Quantum Biochemistry

A quantum biochemistry study was aimed to analyze the main residues involved in the protein interactions and the total energy of interaction between the S protein of SARS-CoV-2 and the ACE2 protein of each animal species carried out. The quantum biochemistry calculation was performed according to a previously established methodology [26–28]. Briefly, all amino acid residues up to 8 Å apart between SARS-CoV-2 protein S and animal ACE2 proteins were analyzed, and molecular fractionation with conjugate caps (MFCC) was performed to analyze the energy of interaction between pairs of amino acid residues.

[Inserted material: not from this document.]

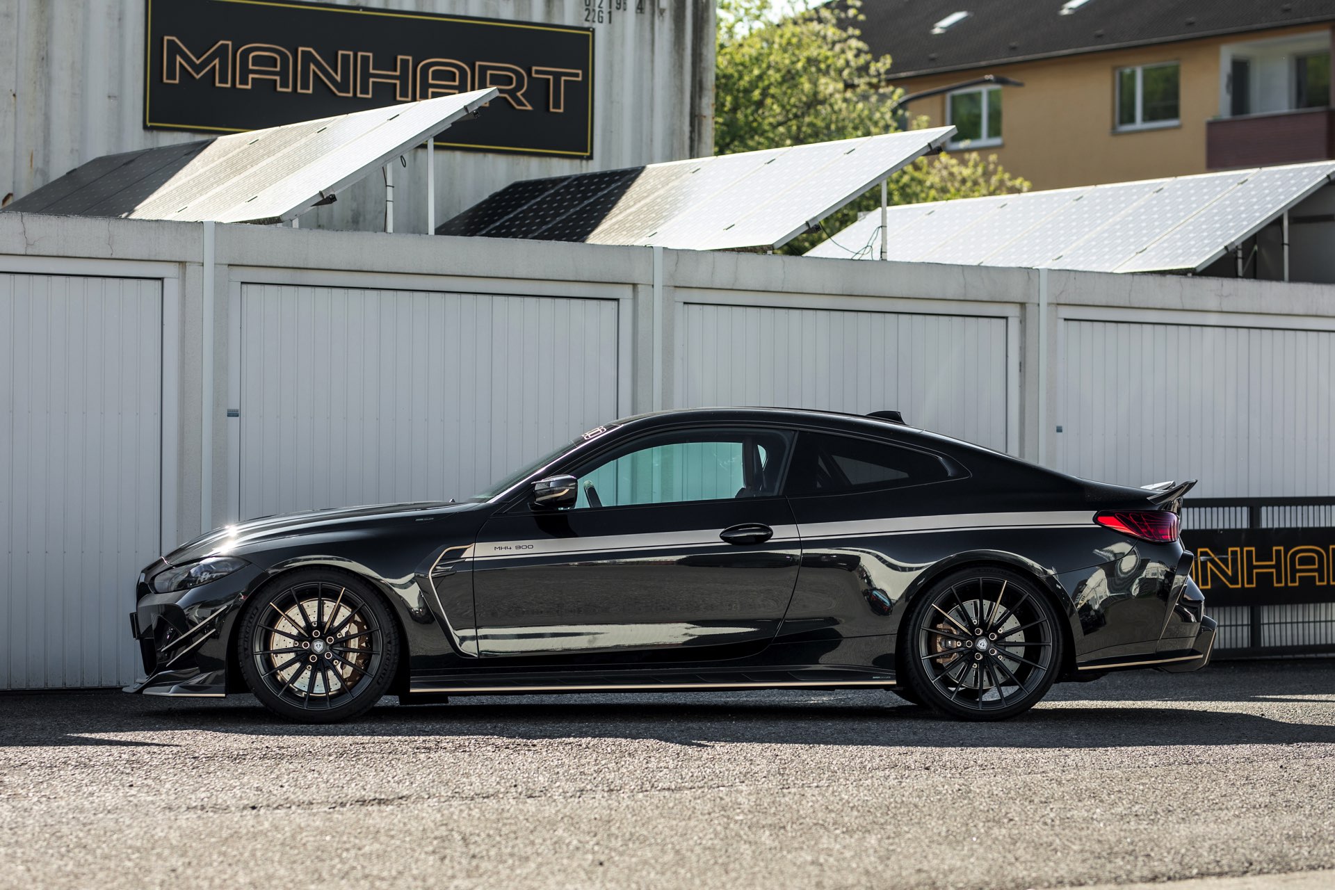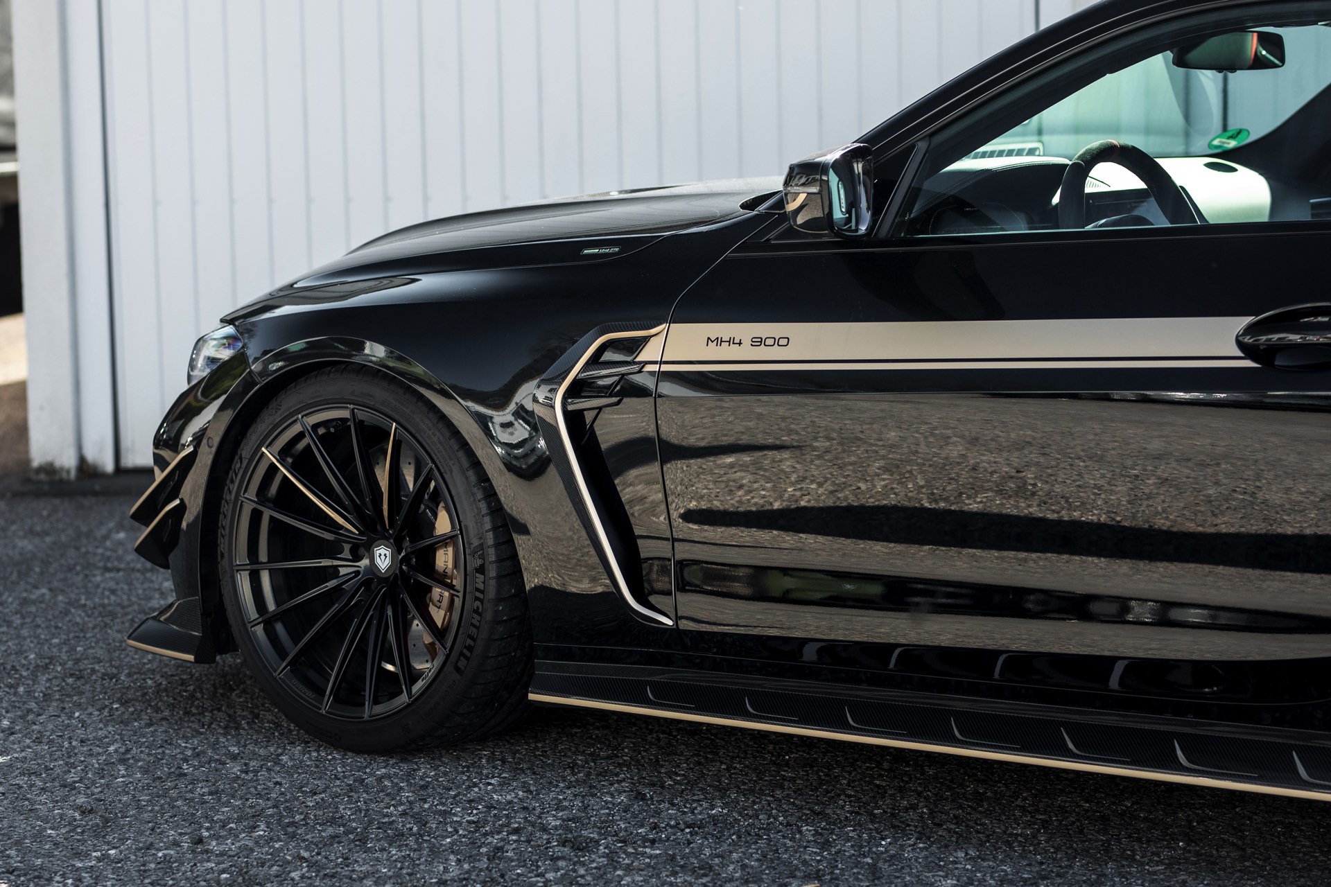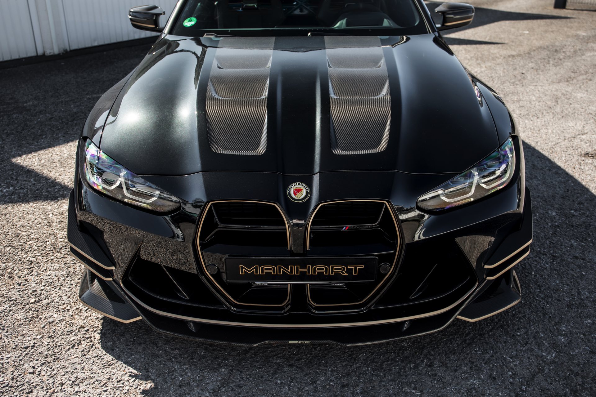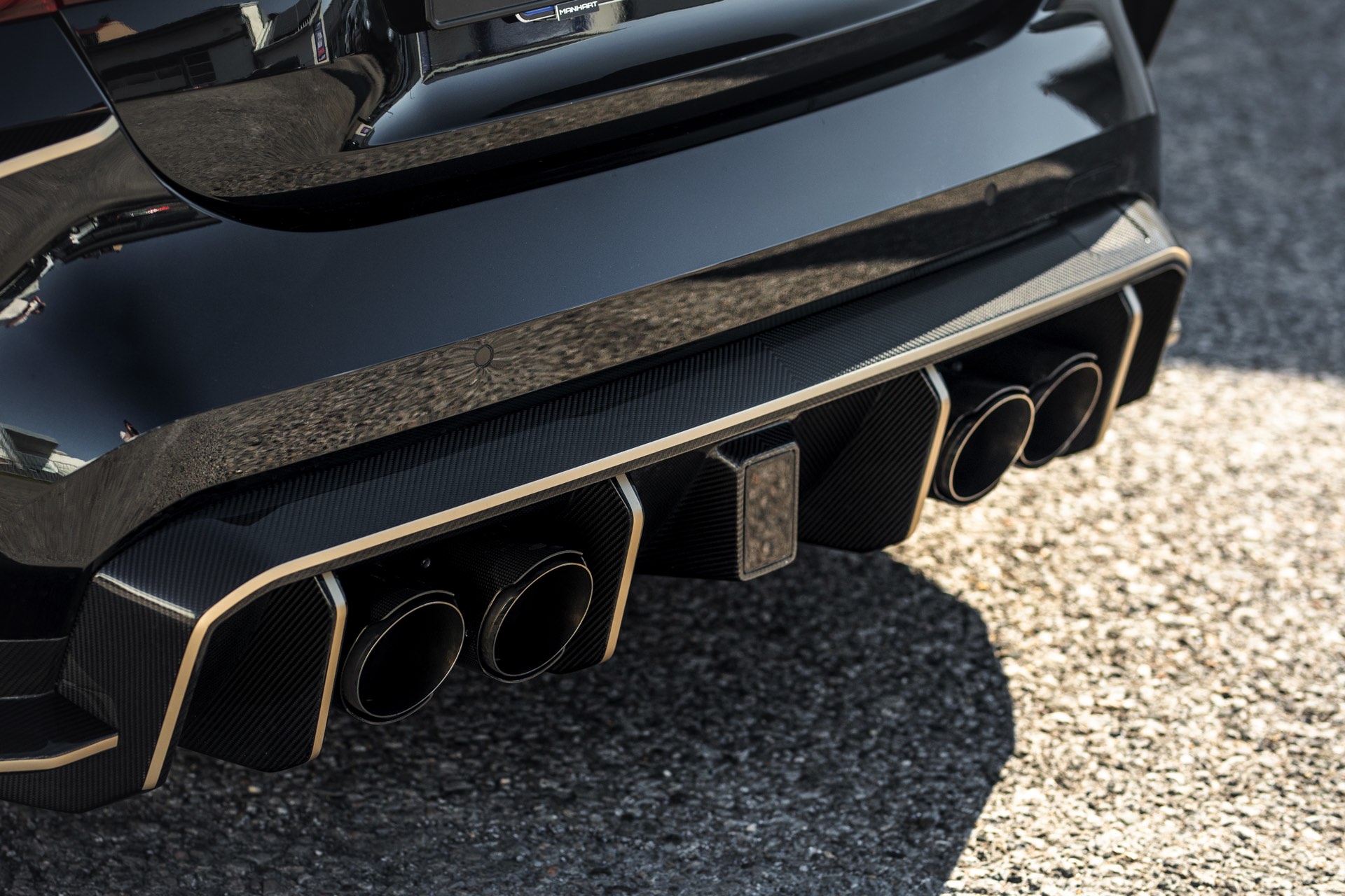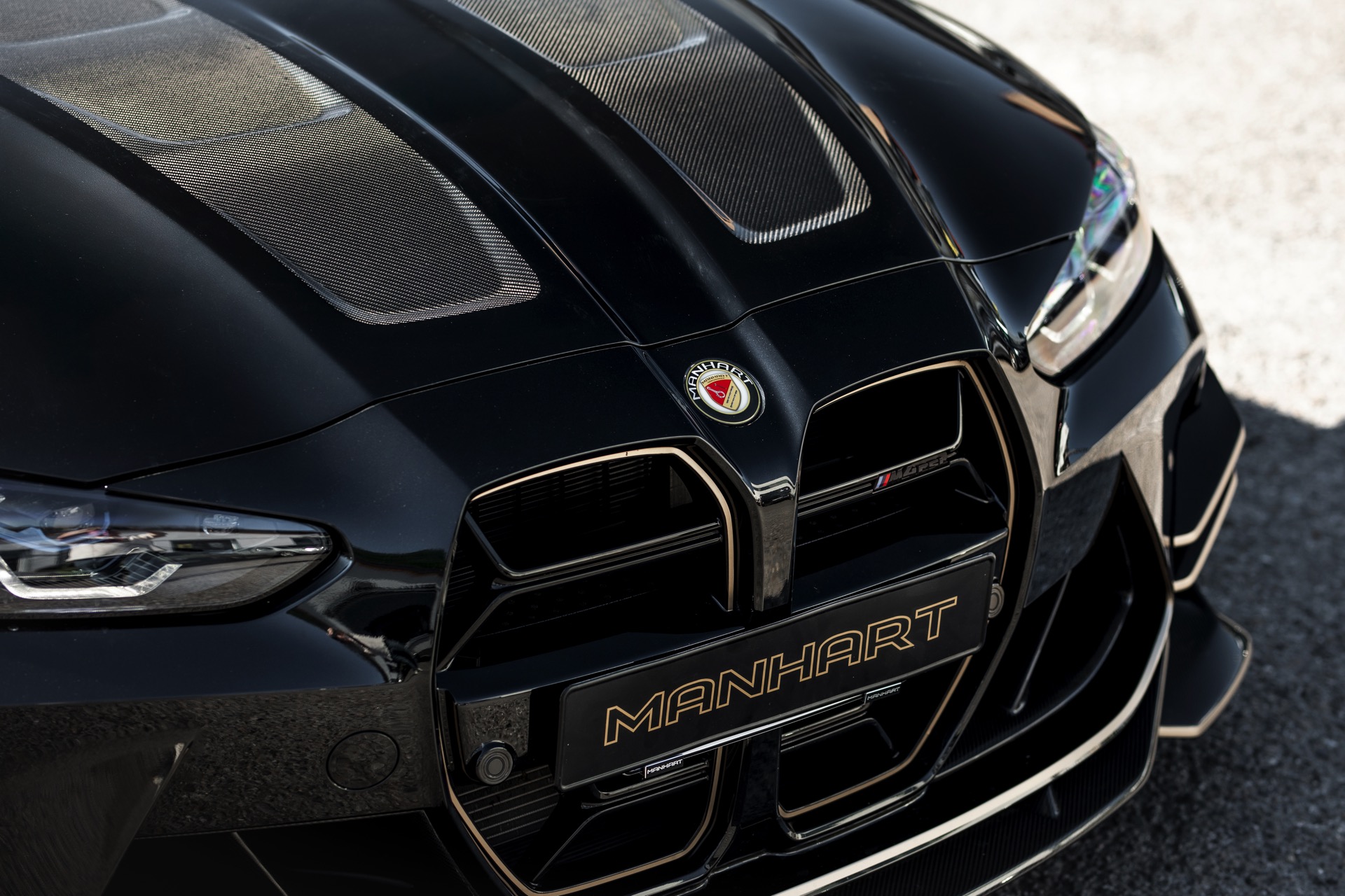 Passend zur enormen Kraft wurde auch die Optik des MH4 900 deutlich nachgeschärft: Der BMW M4 (G82) kombiniert seine schwarze Lackierung mit einem Carbon-Bodykit, das diverse Anbauteilen aus Sicht-Carbon umfasst. Dazu gibt es eine Dekor-Beklebung im Farbton Champagner und natürlich einen Satz Tuning-Felgen: Die vorne 20 und hinten sogar 21 Zoll großen Felgen von Raffa kommen in Frozen Black und werden dank eines H&R Gewindefahrwerks mit Manhart-Abstimmung und dezenter Tieferlegung perfekt in Szene gesetzt. Weiter im Werkszustand befindet sich die dahinter erkennbare Carbon-Keramik-Bremsanlage, die auf Wunsch für alle BMW M4 erhältlich ist.

The interaction energy between two specific residues (R_i and R_j) was calculated as follows:

\begin{array}{l} E_{I} (R_{i} - R_{j}) = E (C_{i - 1} R_{i} C_{i + 1} C_{j - 1} R_{j} C_{j + 1}) - E (C_{i - 1} R_{i} C_{i + 1} C_{j - 1} C_{j + 1}) - \\ E (C_{i - 1} C_{i + 1} C_{j - 1} R_{j} C_{j + 1}) + E (C_{i - 1} C_{i + 1} C_{j - 1} C_{j + 1}) \end{array}

Where the Ck terms refer to the conjugate caps, which are the residues covalently bound to Rk. A hydrogen atom was added to complete the valence in the cut peptide bonds. At the right-hand side of the equation, the first term, E(C_i-1 R_i C_i + 1 C_j-1 R_j C_j + 1), is the system's total energy formed by two interacting residues with their caps. The second term, E(C_i-1 R_i C_i + 1 C_j-1 C_j + 1), gives the system total energy formed by the capped residue R_i without the residue R_j. The third term, E(C_i-1 C_i + 1 C_j-1 R_j C_j + 1), is the system's total energy formed by R^j and without the residue R_i. Finally, E(C_i-1 C_i + 1 C_j-1 C_j + 1) is the system's total energy formed only by the caps.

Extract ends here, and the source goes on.